→ BRIEF: Lines from the one with "1右腿屈膝提起,身体稍向左转" up to and including the one with "A freshly-picked cornucopia" are to be copied exactly from the records below, without their pictures.

Records from a data collection:
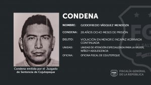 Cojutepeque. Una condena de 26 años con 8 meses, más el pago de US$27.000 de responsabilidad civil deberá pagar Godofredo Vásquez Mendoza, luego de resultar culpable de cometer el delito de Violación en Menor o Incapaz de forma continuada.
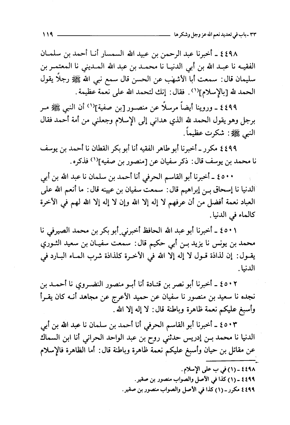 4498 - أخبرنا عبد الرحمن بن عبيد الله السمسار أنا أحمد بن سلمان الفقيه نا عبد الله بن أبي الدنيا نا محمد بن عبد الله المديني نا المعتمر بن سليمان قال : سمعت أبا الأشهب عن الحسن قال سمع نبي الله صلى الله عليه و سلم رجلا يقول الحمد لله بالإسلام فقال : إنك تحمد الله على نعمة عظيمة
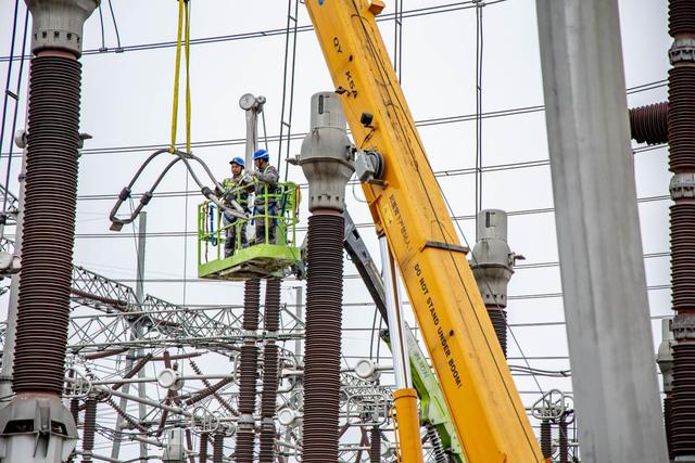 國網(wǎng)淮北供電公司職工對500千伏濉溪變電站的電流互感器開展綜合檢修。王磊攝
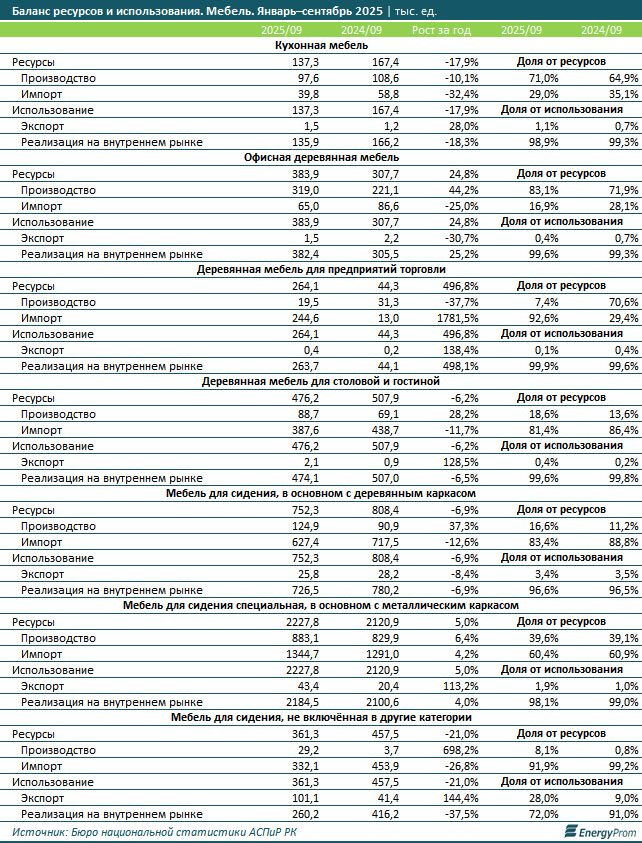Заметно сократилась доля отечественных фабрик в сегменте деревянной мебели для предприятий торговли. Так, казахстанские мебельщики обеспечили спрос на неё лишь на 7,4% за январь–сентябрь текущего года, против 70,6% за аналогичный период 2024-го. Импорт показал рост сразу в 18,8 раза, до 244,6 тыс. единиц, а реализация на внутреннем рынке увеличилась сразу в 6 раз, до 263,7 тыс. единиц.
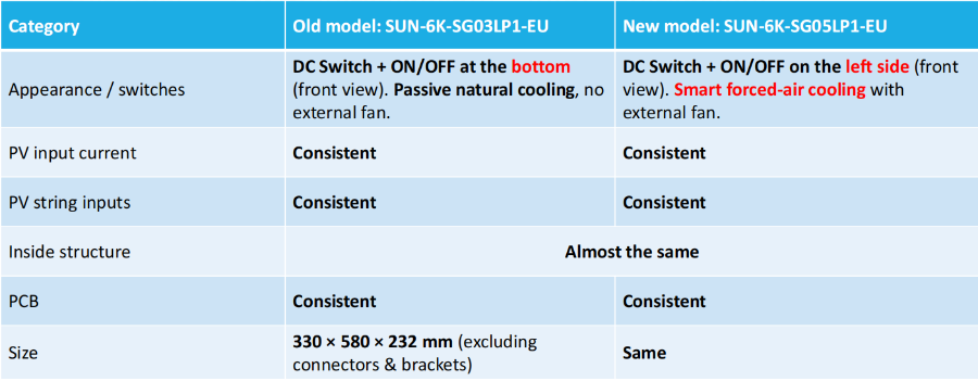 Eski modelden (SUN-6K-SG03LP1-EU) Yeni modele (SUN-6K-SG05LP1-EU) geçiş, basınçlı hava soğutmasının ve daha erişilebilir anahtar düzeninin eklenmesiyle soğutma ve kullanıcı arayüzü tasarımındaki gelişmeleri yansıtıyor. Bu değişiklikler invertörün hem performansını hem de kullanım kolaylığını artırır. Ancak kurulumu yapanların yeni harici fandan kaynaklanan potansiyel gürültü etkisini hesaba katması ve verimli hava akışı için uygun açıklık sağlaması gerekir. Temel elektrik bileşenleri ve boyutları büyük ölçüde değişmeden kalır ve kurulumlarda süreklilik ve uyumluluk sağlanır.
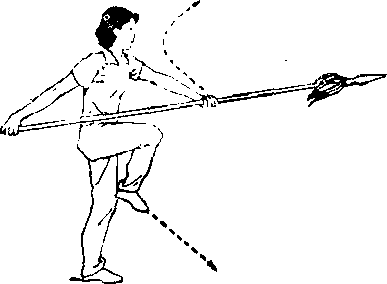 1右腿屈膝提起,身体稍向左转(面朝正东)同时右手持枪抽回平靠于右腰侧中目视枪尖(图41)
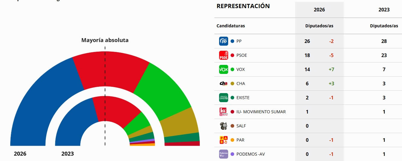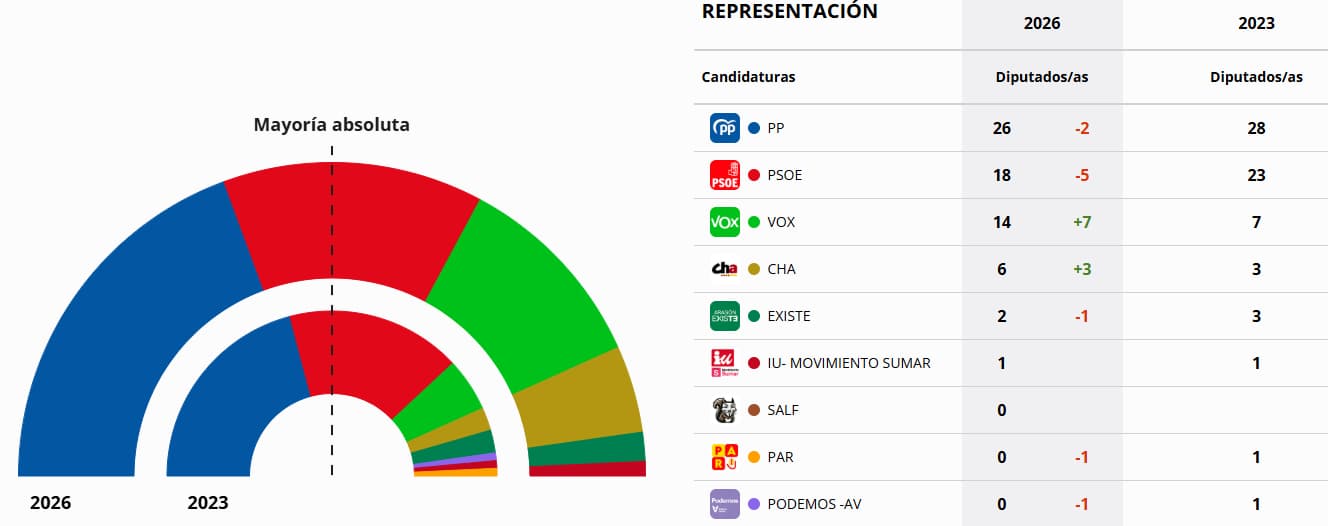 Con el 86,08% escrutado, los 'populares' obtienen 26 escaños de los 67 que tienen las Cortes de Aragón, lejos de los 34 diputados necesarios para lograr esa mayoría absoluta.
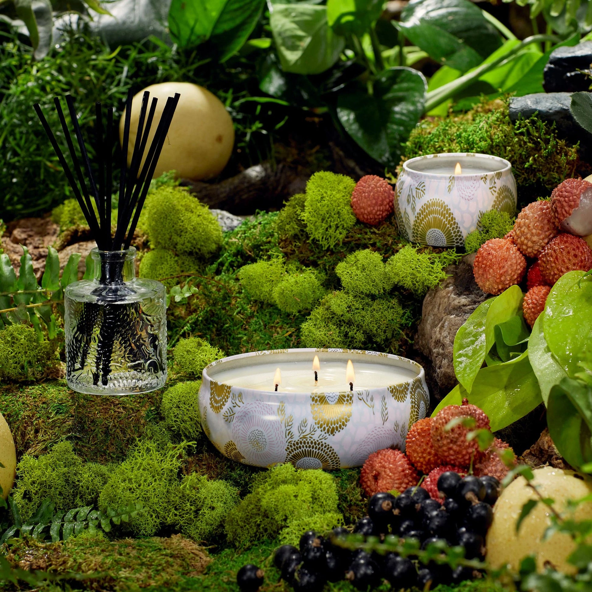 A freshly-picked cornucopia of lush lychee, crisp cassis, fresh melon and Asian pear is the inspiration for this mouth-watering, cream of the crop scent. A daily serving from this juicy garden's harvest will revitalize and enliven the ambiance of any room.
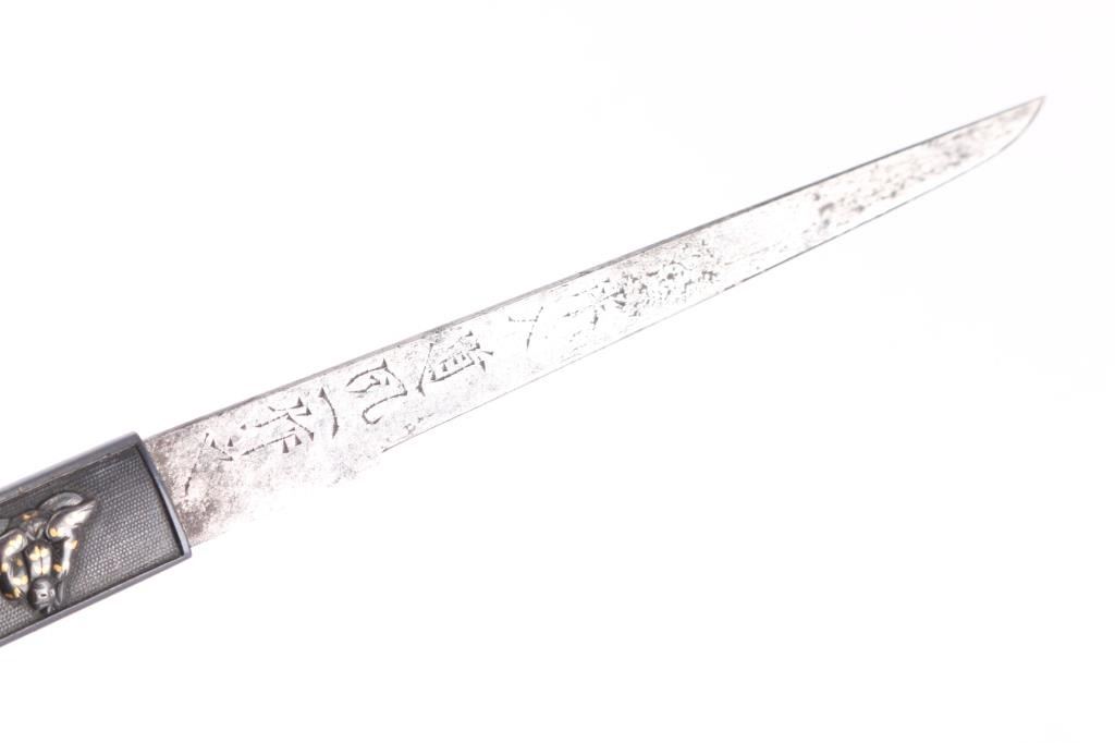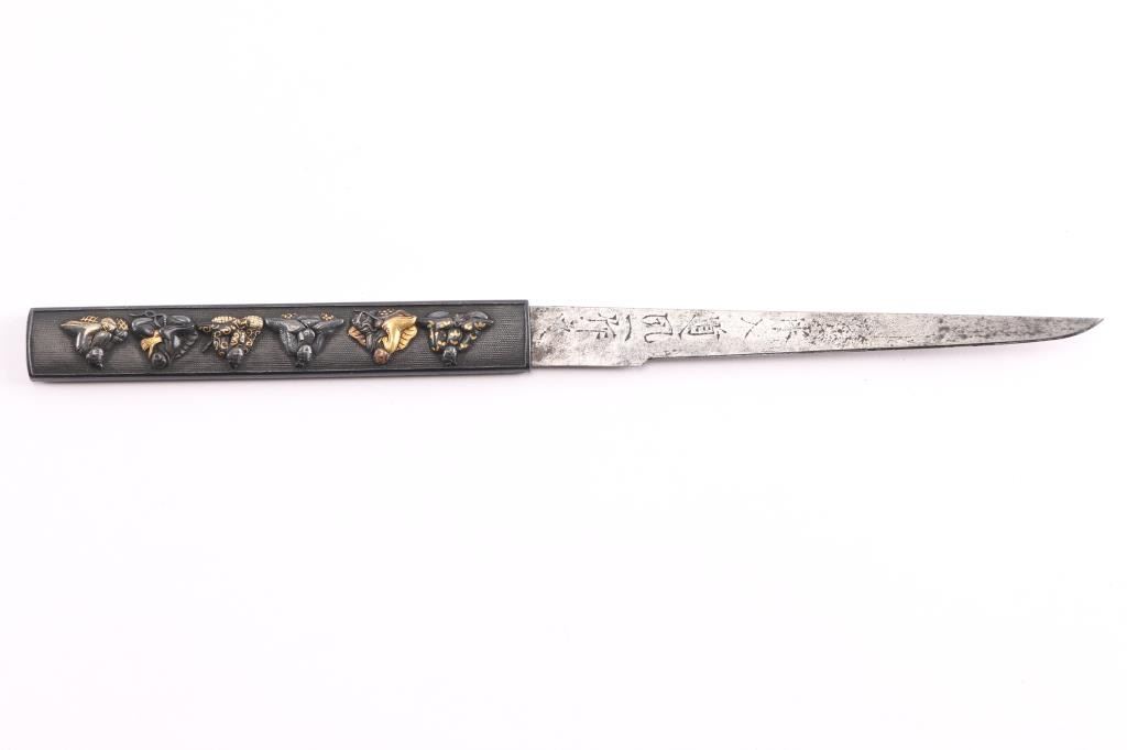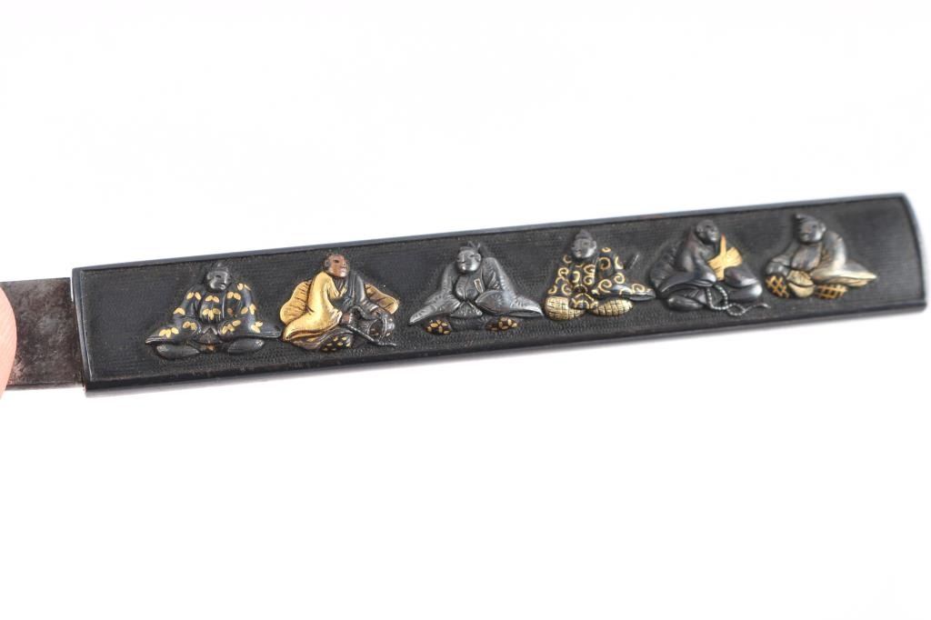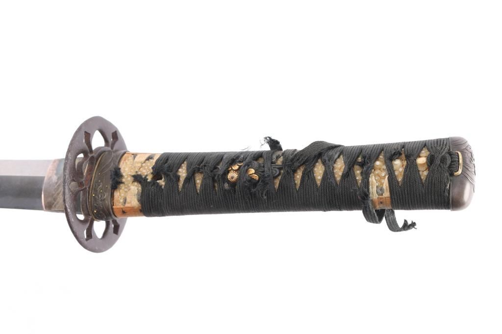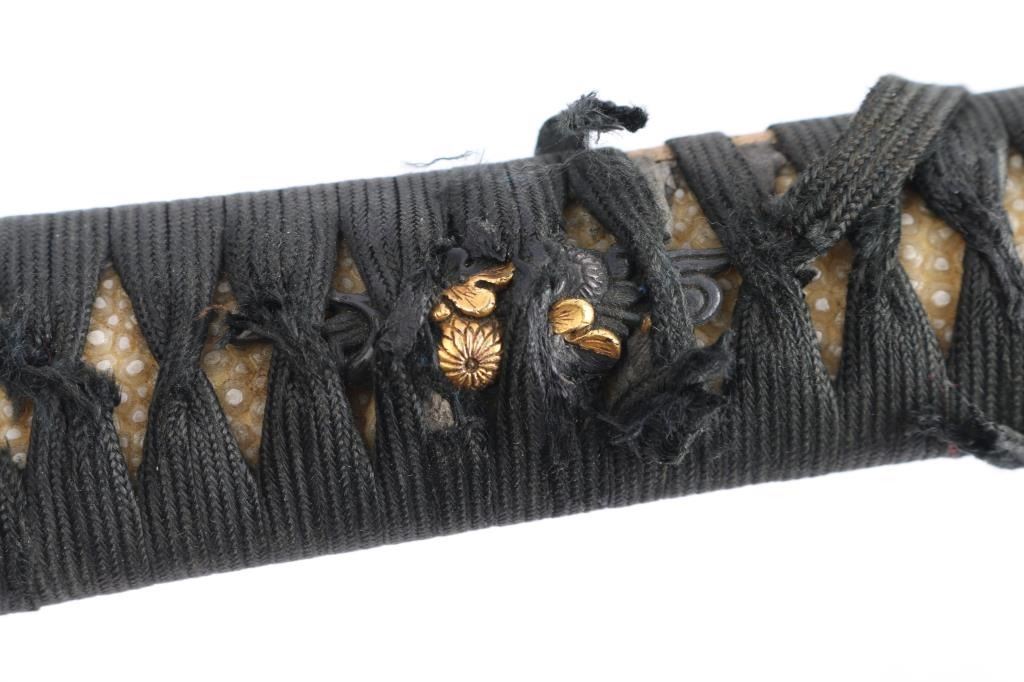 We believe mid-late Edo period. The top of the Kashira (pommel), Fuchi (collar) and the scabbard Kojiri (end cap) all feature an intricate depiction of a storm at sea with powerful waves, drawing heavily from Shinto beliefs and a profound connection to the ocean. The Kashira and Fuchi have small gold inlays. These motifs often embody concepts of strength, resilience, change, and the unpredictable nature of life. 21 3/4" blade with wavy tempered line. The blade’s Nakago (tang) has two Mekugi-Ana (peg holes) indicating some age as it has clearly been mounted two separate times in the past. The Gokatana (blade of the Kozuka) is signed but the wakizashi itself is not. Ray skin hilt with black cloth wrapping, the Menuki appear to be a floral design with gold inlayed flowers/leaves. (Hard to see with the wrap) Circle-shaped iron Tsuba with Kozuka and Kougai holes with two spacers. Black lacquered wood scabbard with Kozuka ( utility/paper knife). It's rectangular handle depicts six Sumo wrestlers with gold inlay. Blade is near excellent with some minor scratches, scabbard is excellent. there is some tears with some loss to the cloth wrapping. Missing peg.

→ TASK RESULT:
 1右腿屈膝提起,身体稍向左转(面朝正东)同时右手持枪抽回平靠于右腰侧中目视枪尖(图41)
 Con el 86,08% escrutado, los 'populares' obtienen 26 escaños de los 67 que tienen las Cortes de Aragón, lejos de los 34 diputados necesarios para lograr esa mayoría absoluta.
 A freshly-picked cornucopia of lush lychee, crisp cassis, fresh melon and Asian pear is the inspiration for this mouth-watering, cream of the crop scent. A daily serving from this juicy garden's harvest will revitalize and enliven the ambiance of any room.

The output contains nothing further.